> DATA FOR REVIEW
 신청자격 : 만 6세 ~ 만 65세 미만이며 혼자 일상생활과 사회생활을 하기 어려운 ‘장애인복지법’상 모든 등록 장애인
==
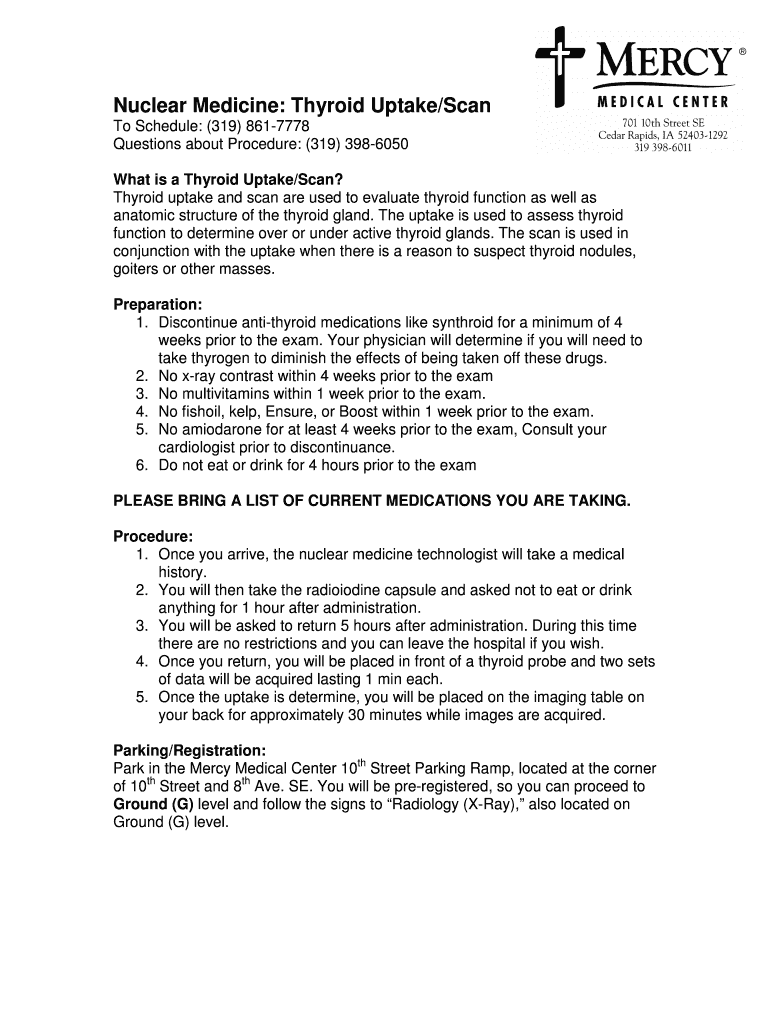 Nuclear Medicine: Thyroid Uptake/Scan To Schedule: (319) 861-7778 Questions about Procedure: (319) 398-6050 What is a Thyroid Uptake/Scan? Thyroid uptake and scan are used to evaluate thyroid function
---
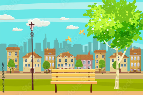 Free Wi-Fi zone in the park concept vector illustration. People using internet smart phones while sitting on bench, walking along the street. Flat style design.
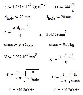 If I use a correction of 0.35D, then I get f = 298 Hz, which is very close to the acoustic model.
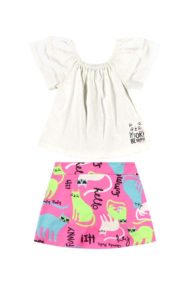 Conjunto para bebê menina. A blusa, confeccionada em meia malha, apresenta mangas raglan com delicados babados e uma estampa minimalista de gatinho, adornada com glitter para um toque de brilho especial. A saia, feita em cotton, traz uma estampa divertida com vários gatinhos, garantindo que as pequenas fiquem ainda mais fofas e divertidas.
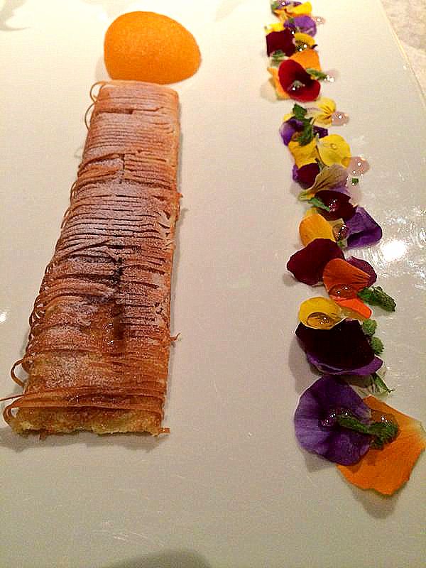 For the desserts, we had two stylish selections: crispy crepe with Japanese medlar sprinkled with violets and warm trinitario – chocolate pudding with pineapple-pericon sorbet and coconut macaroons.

> WHAT YOU ARE ASKED TO DO
Beginning with the line that contains "If I use a correction", write out the lines of the material above exactly, and end with the line that contains "Conjunto para bebê". Omit the pictures.

> ANSWER TO THE EXERCISE
 If I use a correction of 0.35D, then I get f = 298 Hz, which is very close to the acoustic model.
 Conjunto para bebê menina. A blusa, confeccionada em meia malha, apresenta mangas raglan com delicados babados e uma estampa minimalista de gatinho, adornada com glitter para um toque de brilho especial. A saia, feita em cotton, traz uma estampa divertida com vários gatinhos, garantindo que as pequenas fiquem ainda mais fofas e divertidas.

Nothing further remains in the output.